## TASK INPUTS
◆ ◆ ◆
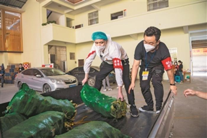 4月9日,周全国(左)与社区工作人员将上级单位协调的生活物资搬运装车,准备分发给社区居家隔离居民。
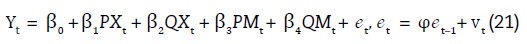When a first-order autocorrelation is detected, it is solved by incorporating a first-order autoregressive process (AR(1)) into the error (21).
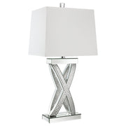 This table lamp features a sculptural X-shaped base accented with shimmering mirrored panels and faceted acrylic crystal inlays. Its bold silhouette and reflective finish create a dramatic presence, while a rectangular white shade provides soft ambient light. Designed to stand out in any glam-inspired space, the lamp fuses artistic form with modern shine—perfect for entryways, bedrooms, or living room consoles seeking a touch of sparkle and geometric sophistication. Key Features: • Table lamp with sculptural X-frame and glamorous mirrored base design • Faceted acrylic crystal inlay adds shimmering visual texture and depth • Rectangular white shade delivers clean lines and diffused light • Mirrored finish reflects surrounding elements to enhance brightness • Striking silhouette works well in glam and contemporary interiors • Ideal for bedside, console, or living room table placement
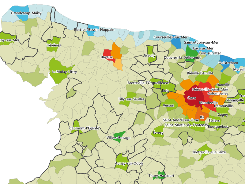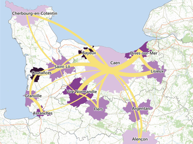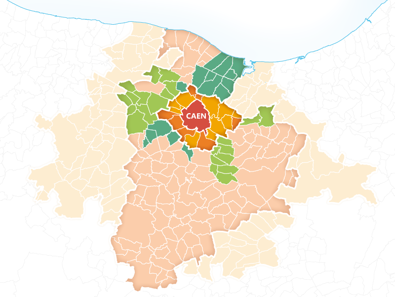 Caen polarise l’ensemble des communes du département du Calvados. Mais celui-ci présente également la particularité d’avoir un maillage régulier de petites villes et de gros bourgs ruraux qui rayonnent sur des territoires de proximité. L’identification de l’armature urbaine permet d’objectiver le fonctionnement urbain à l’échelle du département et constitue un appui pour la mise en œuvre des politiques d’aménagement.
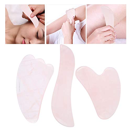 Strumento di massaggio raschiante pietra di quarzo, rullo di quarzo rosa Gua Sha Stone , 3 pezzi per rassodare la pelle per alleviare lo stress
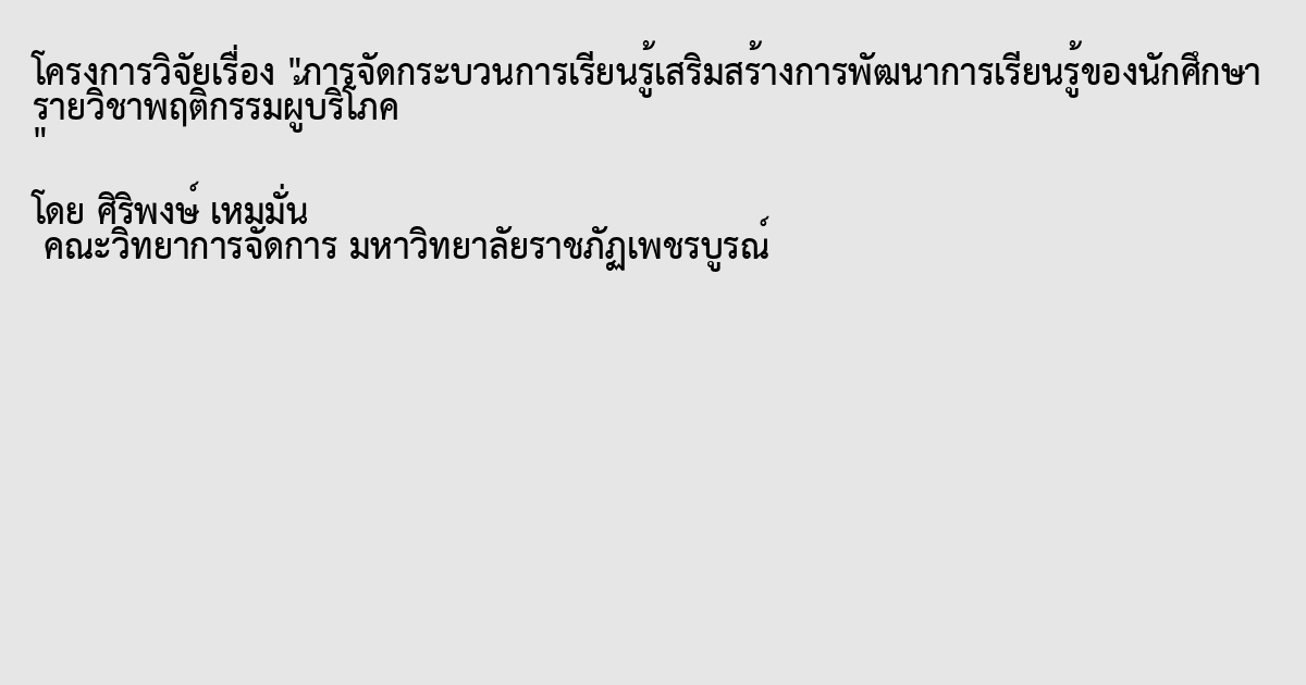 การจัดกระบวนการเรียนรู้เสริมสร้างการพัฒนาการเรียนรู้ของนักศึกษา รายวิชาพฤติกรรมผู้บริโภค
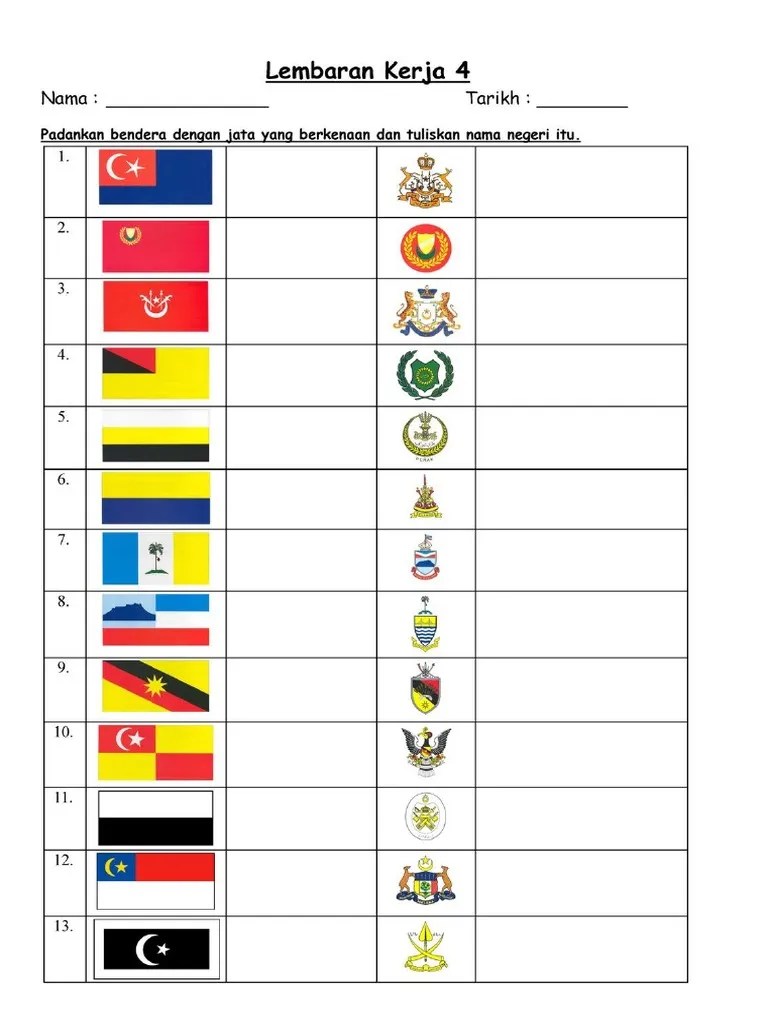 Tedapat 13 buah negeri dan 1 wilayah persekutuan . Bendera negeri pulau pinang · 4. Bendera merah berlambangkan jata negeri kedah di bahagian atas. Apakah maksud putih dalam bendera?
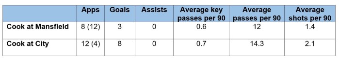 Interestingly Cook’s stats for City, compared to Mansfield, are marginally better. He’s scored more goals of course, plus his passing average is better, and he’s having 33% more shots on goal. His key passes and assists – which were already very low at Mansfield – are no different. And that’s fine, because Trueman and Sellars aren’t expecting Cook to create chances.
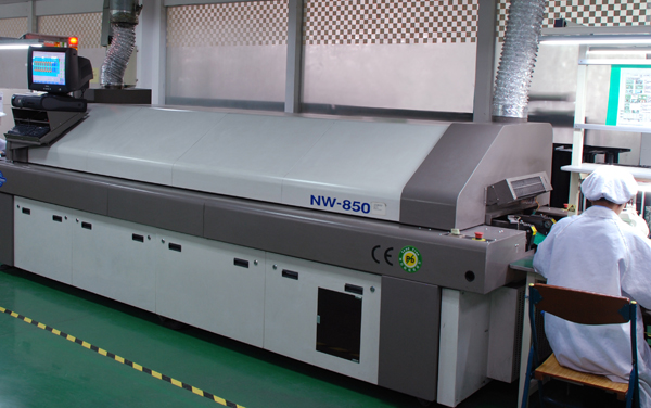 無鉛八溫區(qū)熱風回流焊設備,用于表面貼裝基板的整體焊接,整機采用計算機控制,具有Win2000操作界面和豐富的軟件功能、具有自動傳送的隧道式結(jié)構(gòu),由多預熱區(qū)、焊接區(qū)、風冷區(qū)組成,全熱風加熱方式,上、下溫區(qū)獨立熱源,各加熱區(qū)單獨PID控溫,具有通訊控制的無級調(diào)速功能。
◆ ◆ ◆
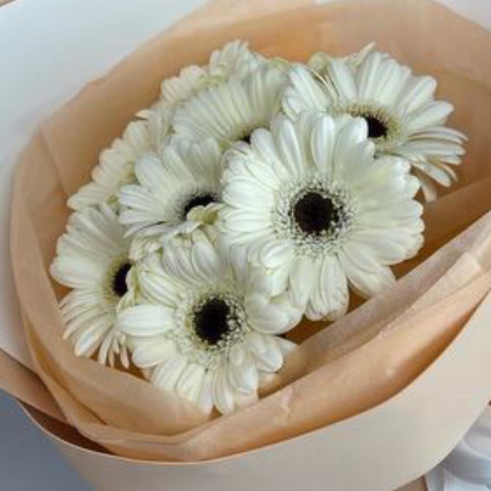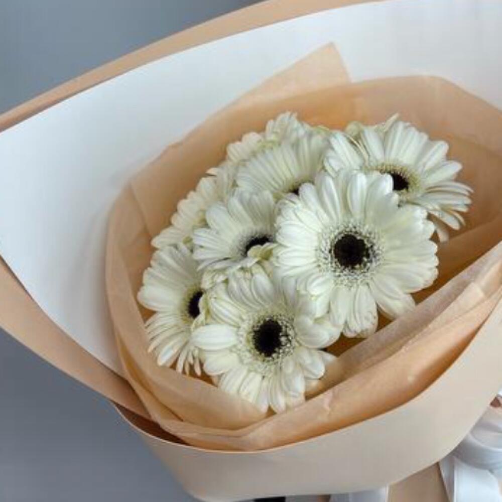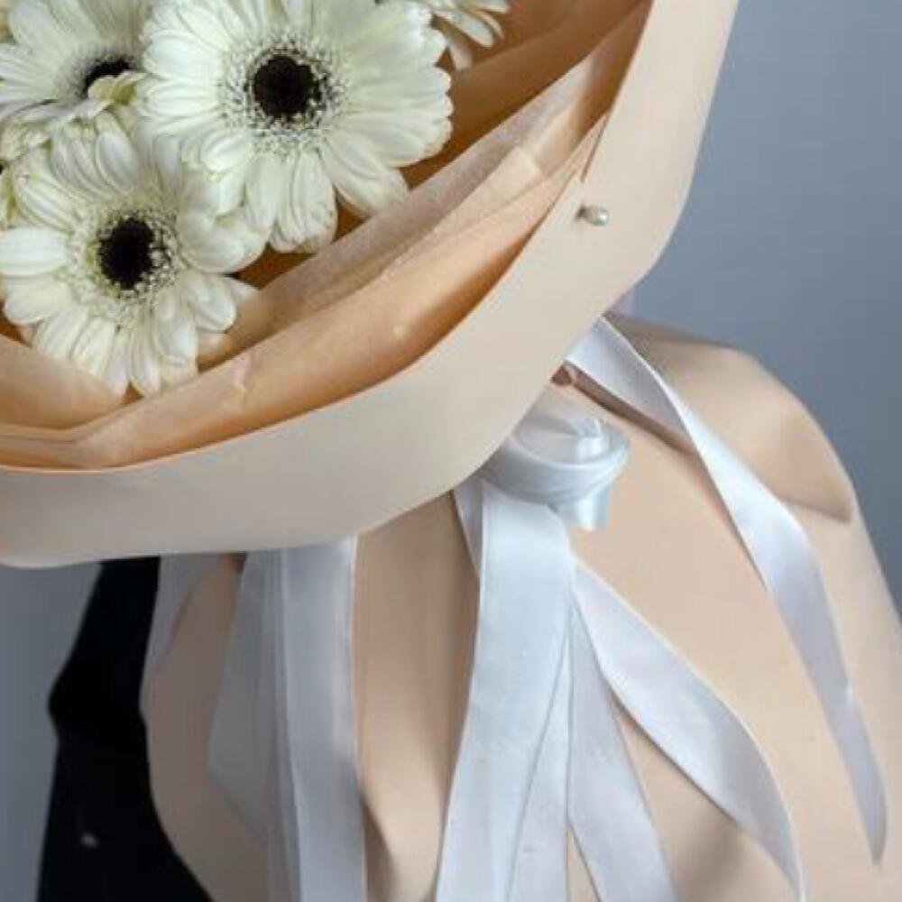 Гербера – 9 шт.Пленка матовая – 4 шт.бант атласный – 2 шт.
◆ ◆ ◆
## WHAT THE TASK REQUIRES
In the data above, find the line with "4月9日,周全国(左)与社区" and the line with "This table lamp". Please copy exactly those two lines and every line between them, but not the pictures.

## ANSWER SECTION
 4月9日,周全国(左)与社区工作人员将上级单位协调的生活物资搬运装车,准备分发给社区居家隔离居民。
When a first-order autocorrelation is detected, it is solved by incorporating a first-order autoregressive process (AR(1)) into the error (21).
 This table lamp features a sculptural X-shaped base accented with shimmering mirrored panels and faceted acrylic crystal inlays. Its bold silhouette and reflective finish create a dramatic presence, while a rectangular white shade provides soft ambient light. Designed to stand out in any glam-inspired space, the lamp fuses artistic form with modern shine—perfect for entryways, bedrooms, or living room consoles seeking a touch of sparkle and geometric sophistication. Key Features: • Table lamp with sculptural X-frame and glamorous mirrored base design • Faceted acrylic crystal inlay adds shimmering visual texture and depth • Rectangular white shade delivers clean lines and diffused light • Mirrored finish reflects surrounding elements to enhance brightness • Striking silhouette works well in glam and contemporary interiors • Ideal for bedside, console, or living room table placement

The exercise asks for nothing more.